[Items from a data source]

:::

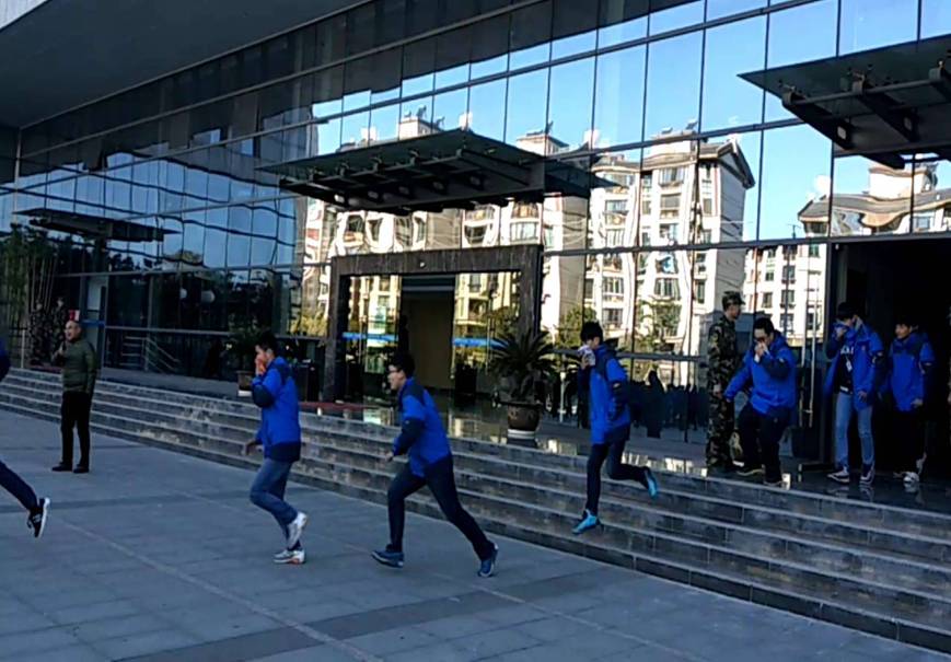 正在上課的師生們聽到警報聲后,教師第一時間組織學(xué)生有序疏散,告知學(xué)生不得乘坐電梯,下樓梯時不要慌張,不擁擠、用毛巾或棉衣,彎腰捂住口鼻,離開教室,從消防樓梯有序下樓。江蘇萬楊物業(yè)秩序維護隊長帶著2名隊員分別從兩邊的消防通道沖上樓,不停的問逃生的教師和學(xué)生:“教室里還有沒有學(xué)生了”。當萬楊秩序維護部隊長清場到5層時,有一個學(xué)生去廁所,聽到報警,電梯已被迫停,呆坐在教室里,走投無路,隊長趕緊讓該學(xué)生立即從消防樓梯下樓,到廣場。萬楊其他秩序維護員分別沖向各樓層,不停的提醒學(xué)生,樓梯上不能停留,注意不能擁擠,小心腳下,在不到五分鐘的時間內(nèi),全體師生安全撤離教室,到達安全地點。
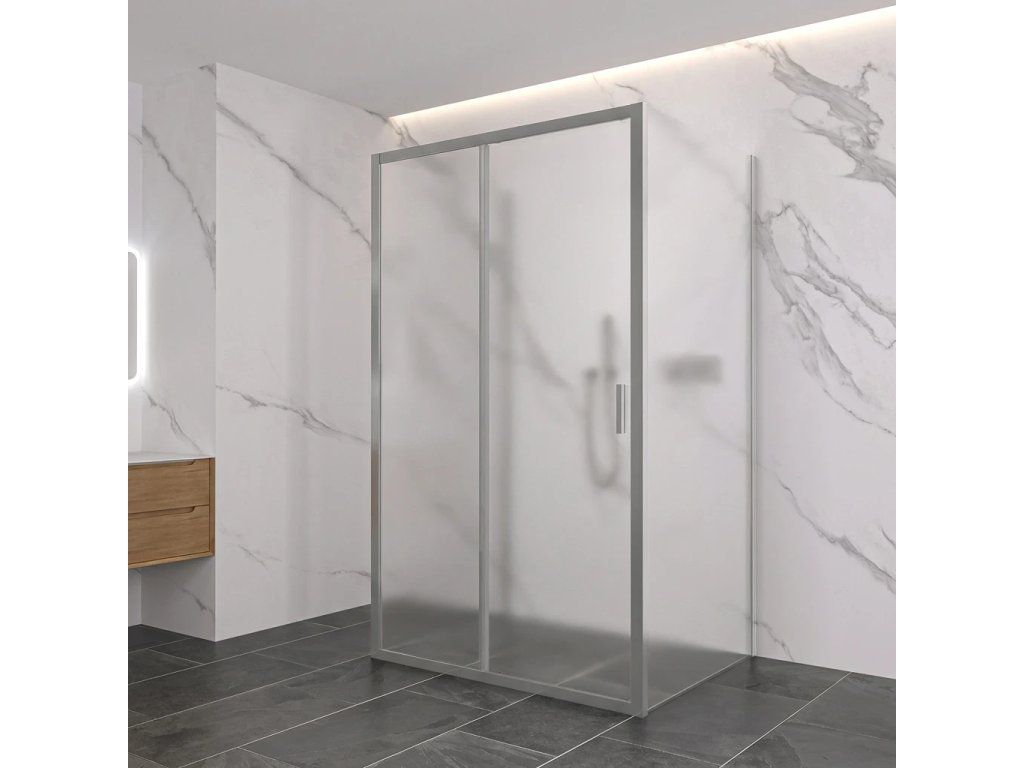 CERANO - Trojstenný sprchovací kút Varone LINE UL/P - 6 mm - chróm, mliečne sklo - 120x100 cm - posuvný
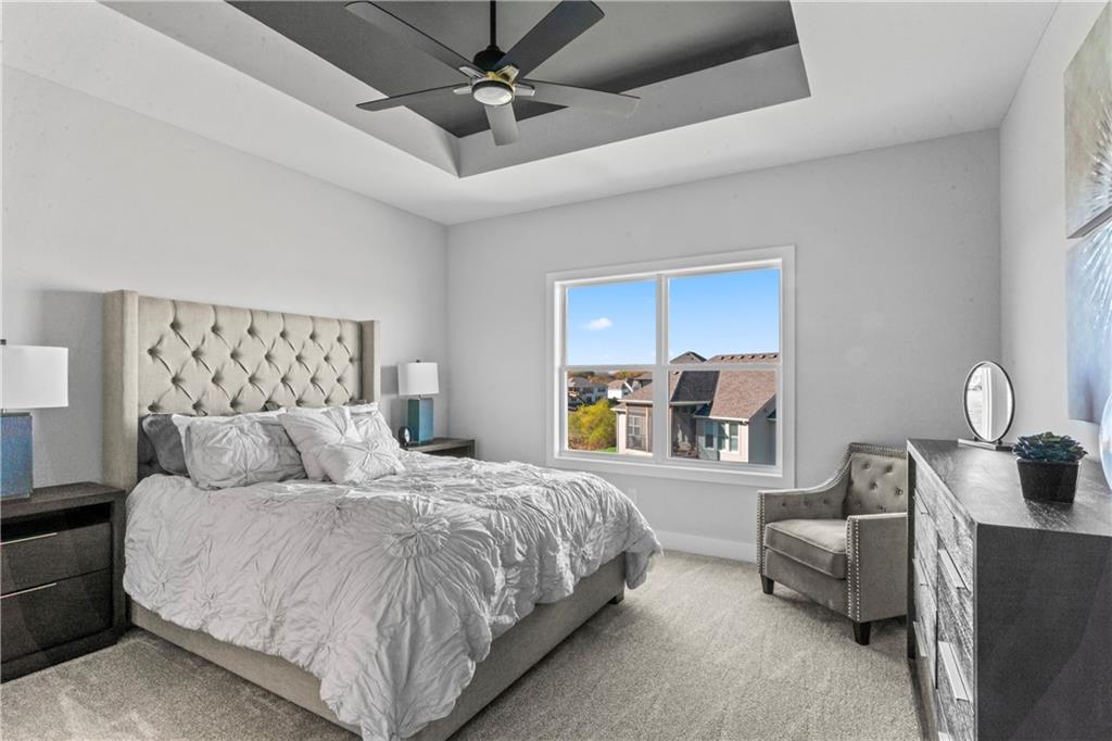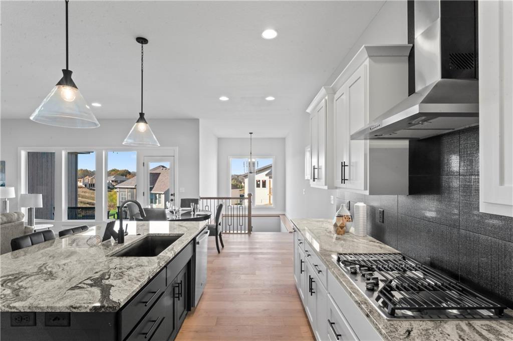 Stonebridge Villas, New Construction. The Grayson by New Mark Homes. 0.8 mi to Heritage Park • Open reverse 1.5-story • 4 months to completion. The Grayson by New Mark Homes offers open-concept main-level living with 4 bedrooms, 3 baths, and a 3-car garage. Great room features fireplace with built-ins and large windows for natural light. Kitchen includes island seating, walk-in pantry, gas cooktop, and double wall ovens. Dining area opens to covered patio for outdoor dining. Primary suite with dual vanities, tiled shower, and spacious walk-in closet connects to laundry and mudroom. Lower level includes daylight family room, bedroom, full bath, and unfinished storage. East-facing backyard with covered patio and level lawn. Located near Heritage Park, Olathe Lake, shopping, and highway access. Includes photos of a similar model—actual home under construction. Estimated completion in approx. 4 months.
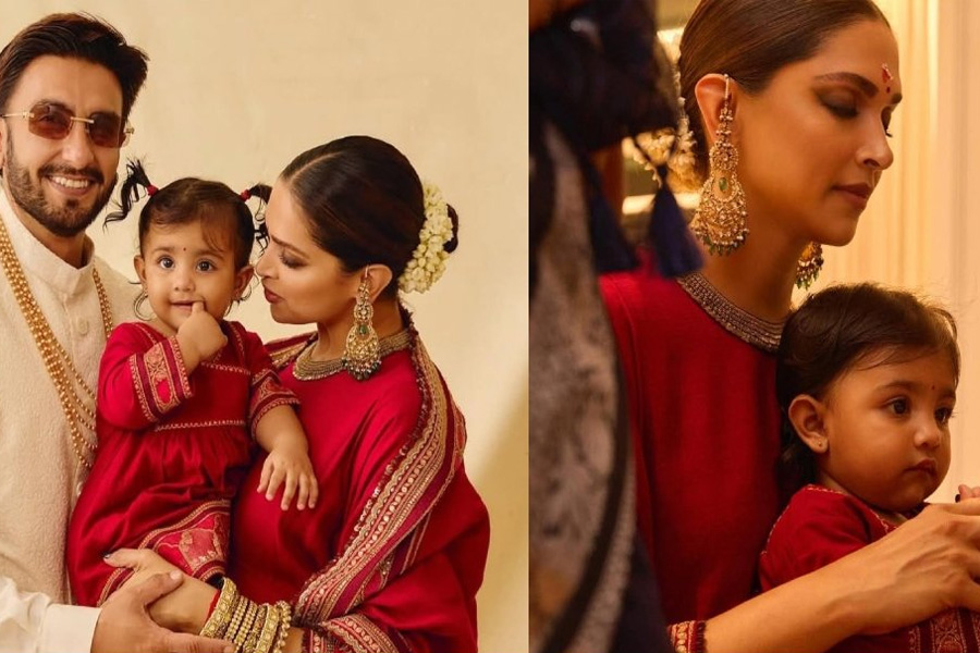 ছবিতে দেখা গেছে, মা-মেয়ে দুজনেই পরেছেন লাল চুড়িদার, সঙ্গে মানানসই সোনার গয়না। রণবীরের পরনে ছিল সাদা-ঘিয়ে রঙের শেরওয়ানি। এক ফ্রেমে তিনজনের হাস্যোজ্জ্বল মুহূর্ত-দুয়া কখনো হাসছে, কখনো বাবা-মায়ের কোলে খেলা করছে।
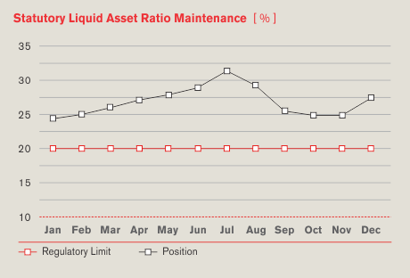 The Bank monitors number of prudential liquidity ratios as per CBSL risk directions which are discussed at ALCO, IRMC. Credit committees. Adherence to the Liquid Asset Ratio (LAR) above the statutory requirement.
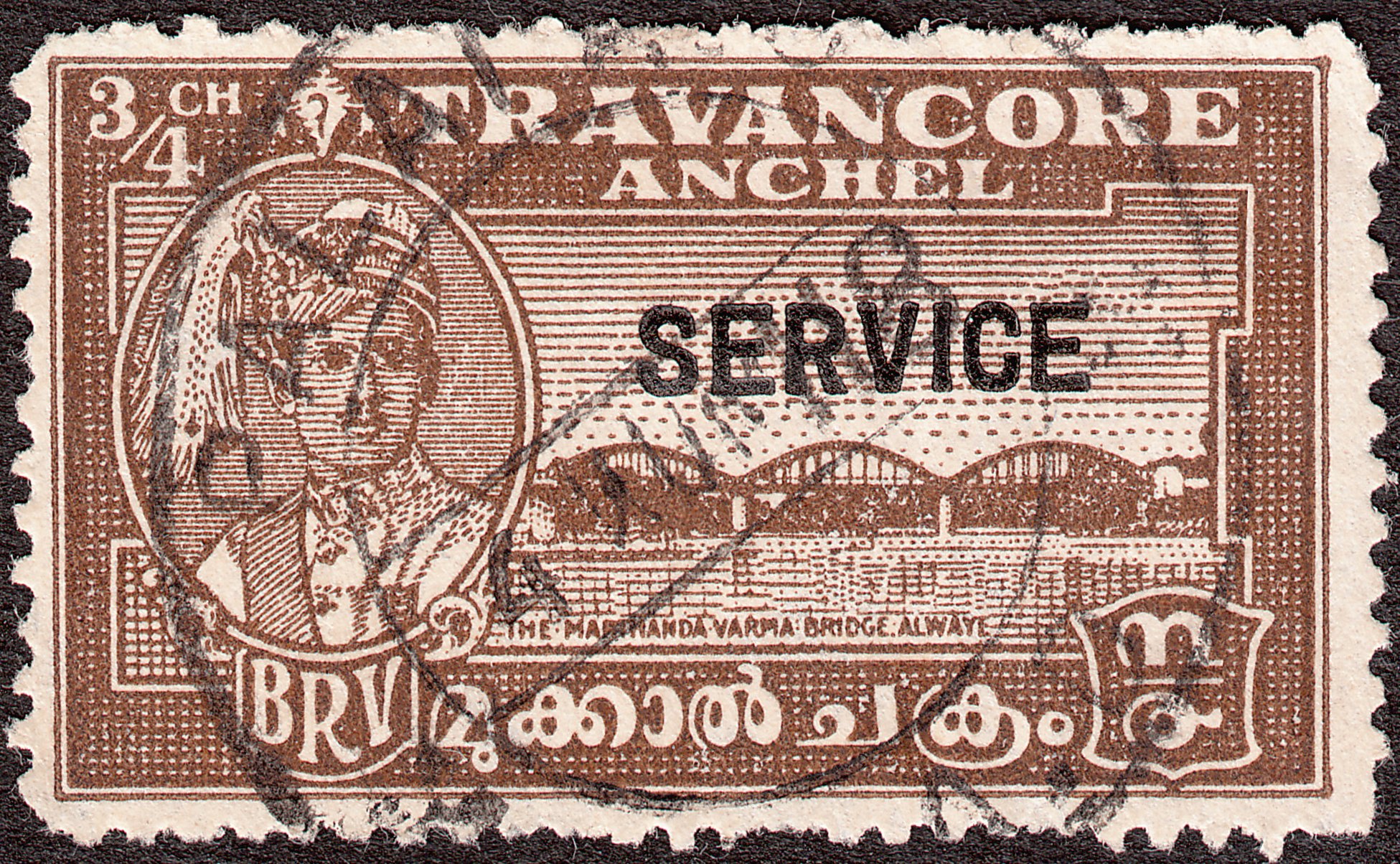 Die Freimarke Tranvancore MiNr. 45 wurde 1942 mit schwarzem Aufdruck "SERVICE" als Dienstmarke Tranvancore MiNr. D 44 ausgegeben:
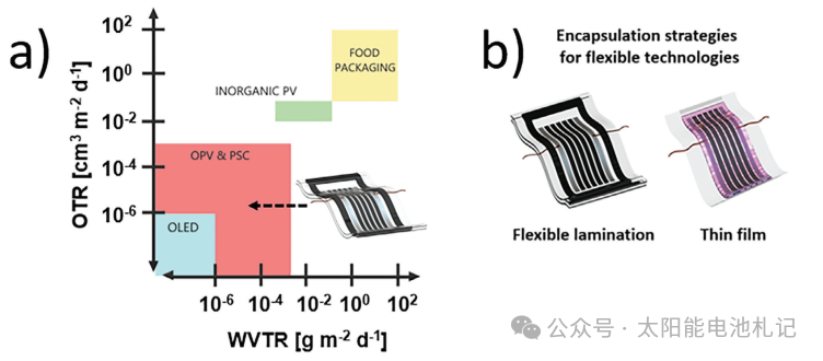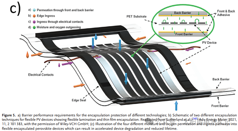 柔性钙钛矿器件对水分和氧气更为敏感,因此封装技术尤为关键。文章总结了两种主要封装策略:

:::

__EXERCISE BRIEF__
No picture belongs in the answer, but every word of the records above does, exactly as given.

__EXPECTED ANSWER__
 正在上課的師生們聽到警報聲后,教師第一時間組織學(xué)生有序疏散,告知學(xué)生不得乘坐電梯,下樓梯時不要慌張,不擁擠、用毛巾或棉衣,彎腰捂住口鼻,離開教室,從消防樓梯有序下樓。江蘇萬楊物業(yè)秩序維護隊長帶著2名隊員分別從兩邊的消防通道沖上樓,不停的問逃生的教師和學(xué)生:“教室里還有沒有學(xué)生了”。當萬楊秩序維護部隊長清場到5層時,有一個學(xué)生去廁所,聽到報警,電梯已被迫停,呆坐在教室里,走投無路,隊長趕緊讓該學(xué)生立即從消防樓梯下樓,到廣場。萬楊其他秩序維護員分別沖向各樓層,不停的提醒學(xué)生,樓梯上不能停留,注意不能擁擠,小心腳下,在不到五分鐘的時間內(nèi),全體師生安全撤離教室,到達安全地點。
 CERANO - Trojstenný sprchovací kút Varone LINE UL/P - 6 mm - chróm, mliečne sklo - 120x100 cm - posuvný
 Stonebridge Villas, New Construction. The Grayson by New Mark Homes. 0.8 mi to Heritage Park • Open reverse 1.5-story • 4 months to completion. The Grayson by New Mark Homes offers open-concept main-level living with 4 bedrooms, 3 baths, and a 3-car garage. Great room features fireplace with built-ins and large windows for natural light. Kitchen includes island seating, walk-in pantry, gas cooktop, and double wall ovens. Dining area opens to covered patio for outdoor dining. Primary suite with dual vanities, tiled shower, and spacious walk-in closet connects to laundry and mudroom. Lower level includes daylight family room, bedroom, full bath, and unfinished storage. East-facing backyard with covered patio and level lawn. Located near Heritage Park, Olathe Lake, shopping, and highway access. Includes photos of a similar model—actual home under construction. Estimated completion in approx. 4 months.
 ছবিতে দেখা গেছে, মা-মেয়ে দুজনেই পরেছেন লাল চুড়িদার, সঙ্গে মানানসই সোনার গয়না। রণবীরের পরনে ছিল সাদা-ঘিয়ে রঙের শেরওয়ানি। এক ফ্রেমে তিনজনের হাস্যোজ্জ্বল মুহূর্ত-দুয়া কখনো হাসছে, কখনো বাবা-মায়ের কোলে খেলা করছে।
 The Bank monitors number of prudential liquidity ratios as per CBSL risk directions which are discussed at ALCO, IRMC. Credit committees. Adherence to the Liquid Asset Ratio (LAR) above the statutory requirement.
 Die Freimarke Tranvancore MiNr. 45 wurde 1942 mit schwarzem Aufdruck "SERVICE" als Dienstmarke Tranvancore MiNr. D 44 ausgegeben:
 柔性钙钛矿器件对水分和氧气更为敏感,因此封装技术尤为关键。文章总结了两种主要封装策略:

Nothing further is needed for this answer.